Look into the minds of the people at Copenhagen and it becomes readily apparent that these crazy policies are not far fetched to them.  They are deadly serious about them.


----------



## Archangel M (Dec 13, 2009)

Betcha that all of those eggheads have no intention of subjucting themselves or THEIR loved ones to this eco-utopia they envisage. Communism in practice illustrates that it's ALWAYS about those with the power becoming kings while the rest are serfs.


----------



## xJOHNx (Dec 13, 2009)

MA-Caver said:


> Are they forgetting how many millions of people DIE over the same time period. Nature has and ALWAYS will find ways to balance out any over population problem... either letting mankind destroy large numbers via wars or through pandemics like the flu and black death plague...
> 
> My first thought on reading that is how about a NO child policy until ALL the children waiting for adoption are given homes... THEN start deciding how many children folks should have. Sheesh...
> 
> ...


That's exactly how I feel about the world.

I'm able to have kids, but I'll adopt anyway. Would be crazy for me not to do so.

@ Archangel: this has nothing to do with communism. Or any other idea of the red side.
It's about control, extreme right-wing control. Under the banner of ecology.
Makes my friends and me who actually go out and pick up trash in the forests, vomit.


----------



## Archangel M (Dec 13, 2009)

Oh. I know that this isnt about political ideology. I just used Communism as an example because "in theory" it's about the public having the means of production...workers liberation etc. etc. but in practice power concentrates in the Party leadership and its Kings/Serfs all over again.

This eco-political crap is the same/same. Guys like Gore preach the message then fly back to their mansions in their private jets.


----------



## xJOHNx (Dec 13, 2009)

Misinterpreted what you said, my mistake. 

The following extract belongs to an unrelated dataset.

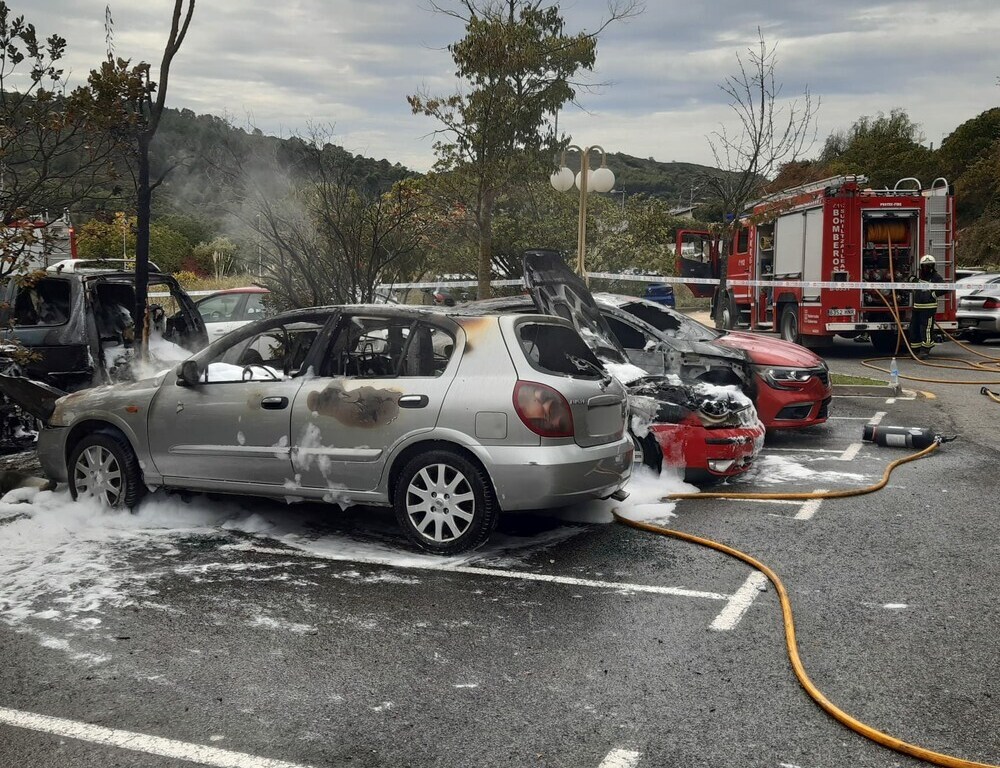 El suceso ocurrió el pasado viernes 1 de octubre, al incendiarse de manera accidental un coche estacionado en el aparcamiento de la residencia Luz de Estella, ubicada junto al Hospital García Orcoyen. El aviso del suceso ha sido a las 14.11 horas. El incendio del vehículo se ha extendido al turismo que se encontraba a su lado, quedando ambos completamente calcinados. El fuego ha afectado, además, a otros tres vehículos colindantes. Hasta el lugar se han desplazado bomberos de Estella y de Cordovilla, Policía Municipal y Policía Foral. Agentes, usuarios y grúas han retirados los coches que se encontraban cerca del incendio para evitar que resultasen dañados.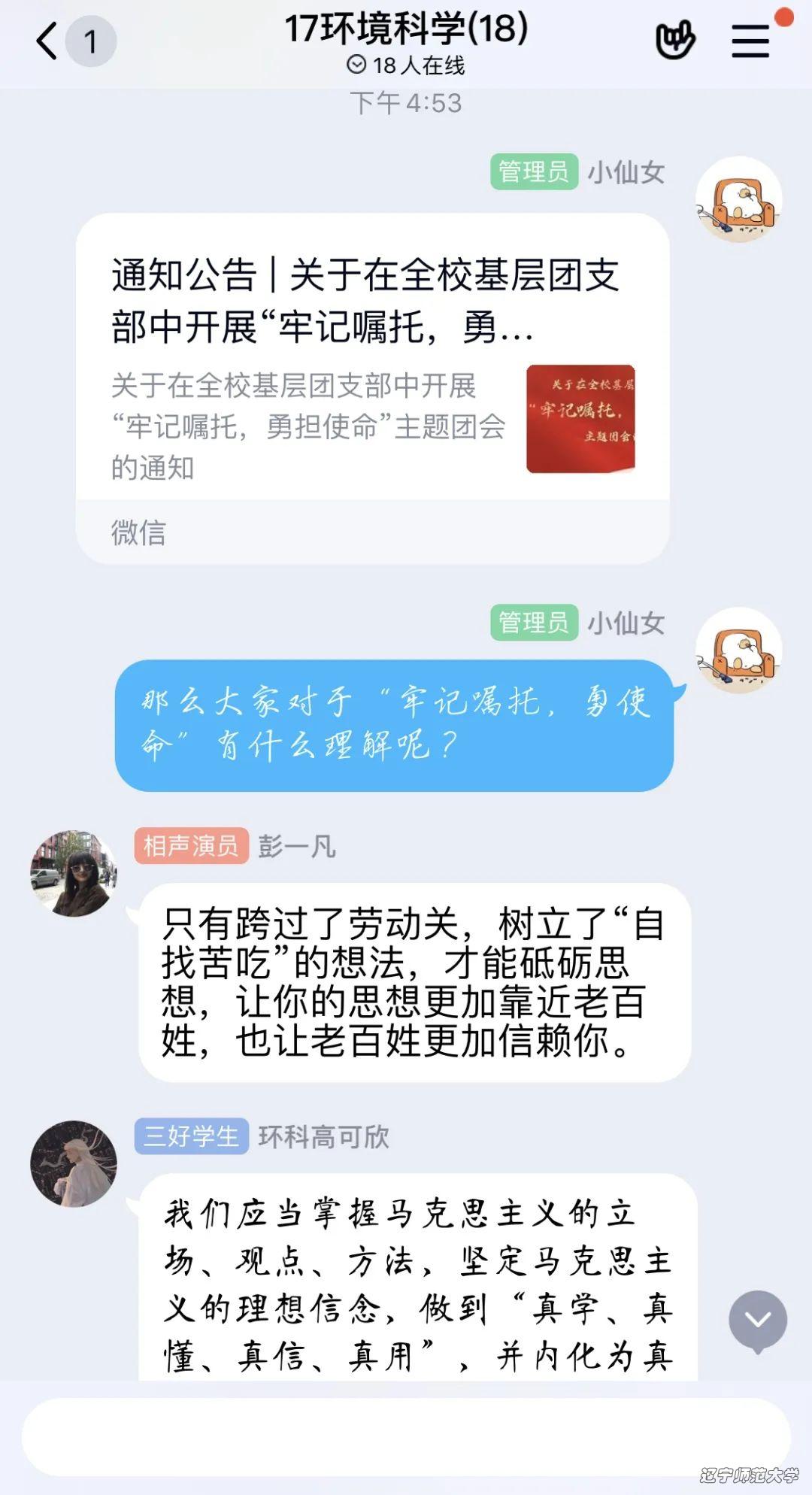 接着,各班团支部成员打开麦克踊跃发言,表达自己的想法和观点。同学们结合自身实际情况,围绕其中的几篇报道说出了自己的真情实感,并向其他同学分享了自己的收获。

And yes the gap between all talk and no walk is immense.
But then again, we all have the potential to start our own positive domino effect.
As V said it:
"the people shouldn't be afraid of their governement, the governement should be afraid of it's people". So show your governement how it's done.


----------



## Cryozombie (Dec 13, 2009)

Marginal said:


> there are plenty of natural mechanisms in place to remedy that. (Famine, disease, war, disasters...)


 
Ninjas.


----------



## girlbug2 (Dec 13, 2009)

xJOHNx said:


> I have literally never heard anybody link ecology with extreme right wing control.:lol: At first I thought I had misread this. Didn't you mean left wing control? None of these guys sound like conservatives to me.


----------



## Makalakumu (Dec 13, 2009)

girlbug2 said:


> I have literally never heard anybody link ecology with extreme right wing control.:lol: At first I thought I had misread this. Didn't you mean left wing control? None of these guys sound like conservatives to me.



I don't think the traditional labels of liberal and conservative apply here, because both sides have been party to implementing this agenda.  For example, the Left has been responsible for limiting our personal freedoms with attacking the 2nd amendment and other things and the Right has vastly increased the corporations ability to collude with government and exert power over us.  The end result works gradually toward the neo-feudalistic fascist end and calls into question the integrity of the party system in our politics.  We can look at these quotes and see what they want and we can look at the major parties and see how both are bringing us toward that end.  The more we switch back and forth, the faster we hurtle towards it.

About ten years ago, I worked for the Liberal side of this duality and it took 9/11 to wake me up to the fact that there were *major* problems with what was going on.  In 2004, I kept telling my conservative friends that if we let Bush keep doing what he was doing, we'd really be in trouble when a Democrat got into office.  Unfortunately, it looks like that scenario is playing out.  

This one child policy is just an example of the things that I think we are going to really have to fight because it IS coming down the pipe towards us.


----------



## Marginal (Dec 13, 2009)

maunakumu said:


> This one child policy is just an example of the things that I think we are going to really have to fight because it IS coming down the pipe towards us.



It's right up there with silver unitards and flying cars.


----------



## Makalakumu (Dec 13, 2009)

Marginal said:


> It's right up there with silver unitards and flying cars.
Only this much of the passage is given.